Homework One - Simulation Distribution

Generate 100 simulations of 30 samples each from a distribution (other than normal) of your choice. Graph the sampling distribution of means. Graph the sampling distribution of the minimum. Share your graphs and your R code. What did the simulation of the means demonstrate? What about the distribution of the minimum…?

library(ggplot2)
## Warning: package 'ggplot2' was built under R version 3.2.5

Simulation

To generate the samples, I decided to simple use the built-in sample function as it makes the process quite simple to do. This distribution is not necessarily normal.

distsim <- function(quant, reps){
  #create empty objects for the means and mins
  simmeans <- c()
  simmins <- c()
  
  #loop the function reps number of times
  for (i in 1:reps){
    #gather a sample of numbers between 0 and 1000, quant times
    x <- sample(0:1000, quant, replace=TRUE)
    #collect the mean of the sample
    simmeans[i] <- mean(x)
    #collect the minimum of the sample
    simmins[i] <- min(x)
  }
  
  #save the simulation as a data frame
  simulation <- data.frame(means=simmeans, mins=simmins)
  simulation
}

sim <- distsim(30, 100)
head(sim)
##      means mins
## 1 598.7333  192
## 2 510.1667    4
## 3 441.7000   36
## 4 427.4000    9
## 5 456.2333   36
## 6 569.8000    3

Distribution of Means

According to the central limit theorem (CLT), a sampling distribution approaches normality as the sample grows large.

ggplot(sim, aes(x=means)) + geom_histogram() + ggtitle("Distribution of Means")
## `stat_bin()` using `bins = 30`. Pick better value with `binwidth`.

Distribution of Minimums

Interestingly, the distribution of minimums is skewed but there are still samples in which the minimum was greater than the expected mean (500).

ggplot(sim, aes(x=mins)) + geom_histogram() + ggtitle("Distribution of Minimums")
## `stat_bin()` using `bins = 30`. Pick better value with `binwidth`.

Discussion

One way to test the CLT and confirm my hypothesis that there is the potential for higher than expected minimums (x > 500) is to expand the sample to more repetitions and a higher sample size.

sim <- distsim(50, 1000)

The CLT appears to hold:

ggplot(sim, aes(x=means)) + geom_histogram() + ggtitle("Distribution of Means")
## `stat_bin()` using `bins = 30`. Pick better value with `binwidth`.

And interestingly, there is a likelihood of higher than expected minimums:

ggplot(sim, aes(x=mins)) + geom_histogram() + ggtitle("Distribution of Minimums")
## `stat_bin()` using `bins = 30`. Pick better value with `binwidth`.

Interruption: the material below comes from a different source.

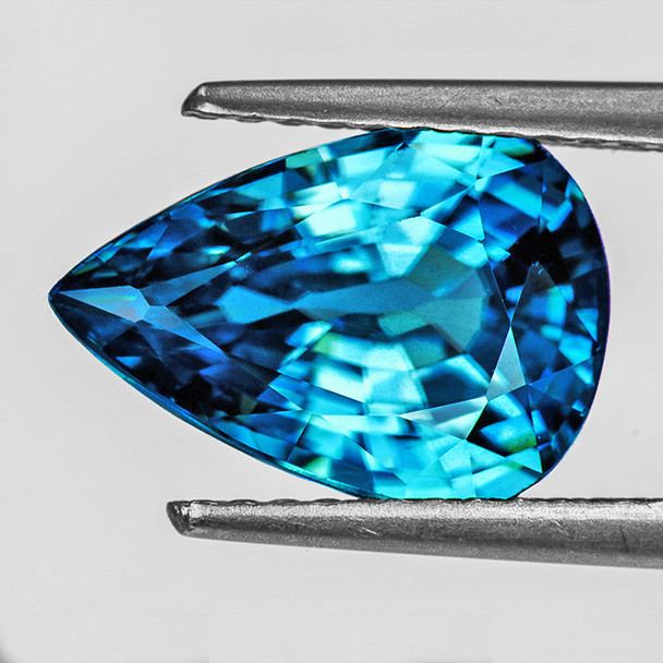 11x7 mm Pear 3.08cts AAA Luster Natural Intense Blue Zircon [Flawless-VVS]
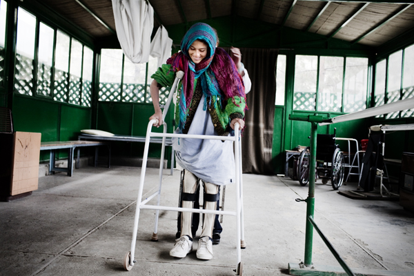 Alberto Cairo, che gestisce i programmi ortopedici della Croce Rossa a Kabul, ci ha spiegato che “una scheggia le ha colpito e danneggiato il midollo spinale, paralizzandola dalla vita in giù (perdita di movimento, sensibilità, controllo urinario e fecale…). Ha anche subito la frattura di un gomito. L’osso si è saldato, ma il braccio ha una funzionalità limitata, una tragedia considerando la paralisi alle gambe. Con dei tutori può stare in piedi e muovere qualche passo appoggiandosi a un deambulatore. Ha davanti a sè una vita difficilissima”.

This simulation reminds me of a game (possibly a test?) where one person thinks of a number and asks the player to guess the number. Typically the player will guess regular (standard) numbers such as 1, 100, 50, 25, etc. The part that makes this game entertaining is that there are no contraints to the simlator’s number. It can be an integer (such as 1 or 100), it can be a decimal (0.242329 or 123.2930123), an imaginary number (i or n), a placeholder number (pi or infinity), or even something else (-4.2323 or the square root of 2 or 0/4). This simulation reminds me of that game, because there is always the possiblity for the number (minimum) to be different than expected so long as the constraints allow it to.

Lesson: assume that anything is possible, so long as it is possible.

Secondary lesson: simulations can help discover these ‘anything’ scenarios.